Chapman University's research on aging and skill development appears as the lead article in the latest issue of American Journal of Physical Anthropology. The study, called "Skill Ontogeny Among Tsimane Forager-Horticulturalists," provides the most complete analysis to date of skill development in a traditional society. The results show that most skills essential to Tsimane survival are acquired prior to first reproduction, and then develop further to meet the increasing demands of offspring. As adults continue to age beyond their reproductive years, despite physical frailty setting in, they are often regarded as experts - such as in music and storytelling.
The research was conducted on the Tsimane--an indigenous population of about 15,000, who live in the Bolivian Amazon and depend on hunting, fishing, and gardening for their survival.

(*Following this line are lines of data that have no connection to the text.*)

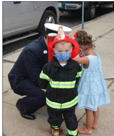
Futuro bombero siguiendo los pasos de su padre.

As part of the required precaution in the time of COVID-19, not too many people attended from the public as they usually do and those who were there, stayed behind keeping a safe distance.
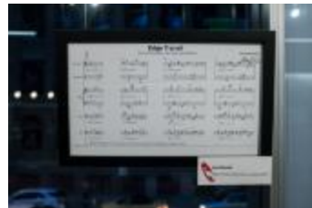
John Bischoff's score for "Edge Transit", exhibited during OM 19 (2014) (IM.OM.FP.0019a.017)
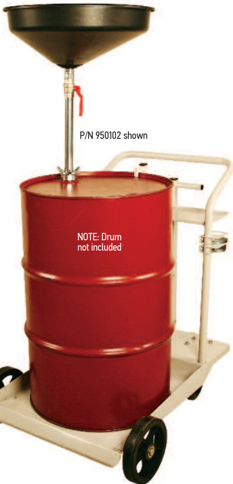
P/N 950102 shown
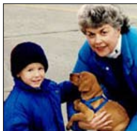
• Making friends marching in BG's Holiday Parade.
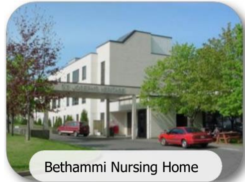
Bethammi Nursing Home

Bethammi Nursing Home is a 92-bed long-term care home operated out of St. Joseph's Heritage located at 63 Carrie Street. There are two Resident Home Areas (RHA). Bethammi Nursing Home has a mix of basic and preferred accommodations available for residents. All accommodations include a bathroom. All residents are provided with basic furnishings such as bed, night table, closet, vanity and dresser.
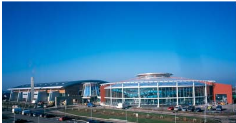
Main building of National Aquatic Centre
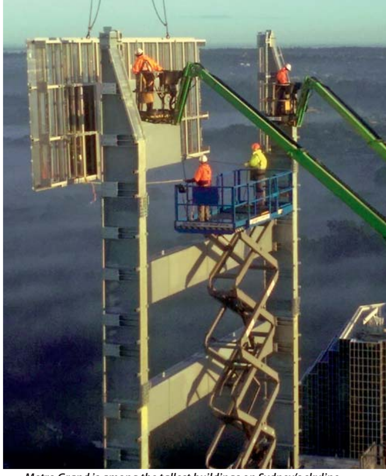
Metro Grand is among the tallest buildings on Sydney's skyline.
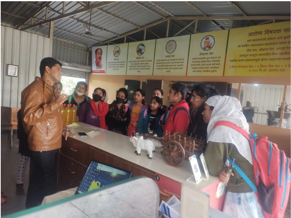
THE PRODUCER GAVE THE INFORMATION ABOUT MARKETING PROCESS
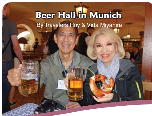
Beer Hall in Munich
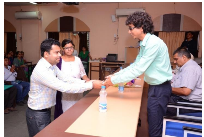
Our staffs welcome the guests

"Scientists have long wondered why our lifespans include an extended post-reproductive phase; the lifespans of our fellow primates, mammals and other species on the planet generally terminate once their reproductive business is over," said Eric Schniter, Ph.D., clinical assistant professor, in Chapman University's Economic Science Institute in the Argyros School of Business and Economics, and lead author on the study. "While most skill development studies have focused on subsistence skills like hunting, we wanted to examine the wider range of complementary skills that develops among aging humans."
According to the findings, older adults might be the go-to providers of many important services needed in human communities. In the field, the researchers interviewed 421 Tsimane adults across eight villages in the Bolivian Amazon and found that when it comes to many of the skills requiring lots of knowledge - but not necessarily high-strength--such as music, storytelling, making bows and arrows, and textile production, seniors in the community report the most proficiency and are regarded by others as most expert.

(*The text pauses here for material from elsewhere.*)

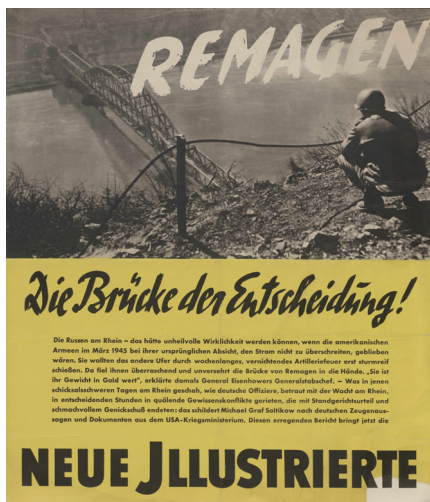
13 „Remagen / The Decisive Bridge!“, Neue Illustrierte, FRG, 1950 / 51

The press images may be used exclusively for current reporting within the framework of the above-mentioned exhibition and only with complete indication of the source.

While older folks, freed up from the primary responsibilities of feeding a brood, compensate for their increasing frailty by remaining productive with low-strength skills that complement their extended family's production, the extra time needed to focus on complementary skills is one possible factor explaining their expertise. But what impressed Schniter and his fellow researchers is that many of the skills older adults excel in also have a pedagogical component: they involve transferring conceptual and procedural knowledge to youngsters so that they might also someday develop the necessary abilities for life in a society dependent on interpersonal exchanges of resources acquired through hunting, fishing, and gardening.
"It shows that many important cultural skills, and not just food production like previously argued, take a long time to learn; and that not all abilities peak in middle adulthood as previously thought," Schniter says. "In (Tsimane) society people have an appreciation for that and they defer those roles to older adults."

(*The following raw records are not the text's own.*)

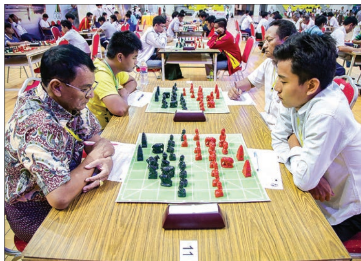
Players at the Myanmar traditional Chess freelance event at the Wunna Theikdhi Indoor Stadium in Nay Pyi Taw.

THE State and Region Chess Championship being held at the Wunna Theikdhi Indoor Stadium in Nay Pyi Taw entered its fourth day yesterday. The championship began on 30 April and ends on 7 May.
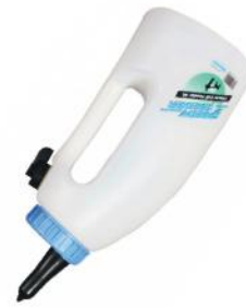
SPEEDY FEEDER 2.5Ltr
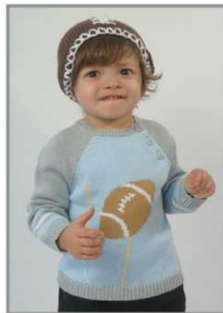
FBS-GY Special $15 6m, 9m FBSX-GY Special $19 5y, 6y, 7y

The study leads to possible implications for industrialized societies and economies, too. Along with the skills specific to life in their traditional subsistence society in the Amazon, seniors were the age group that excelled most at planning, conflict negotiation, and delegation.
"Those are prized talents in any economy; so if baby boomers delay retirement, as some economists predict, it might behoove employers to better deploy them," says Schniter.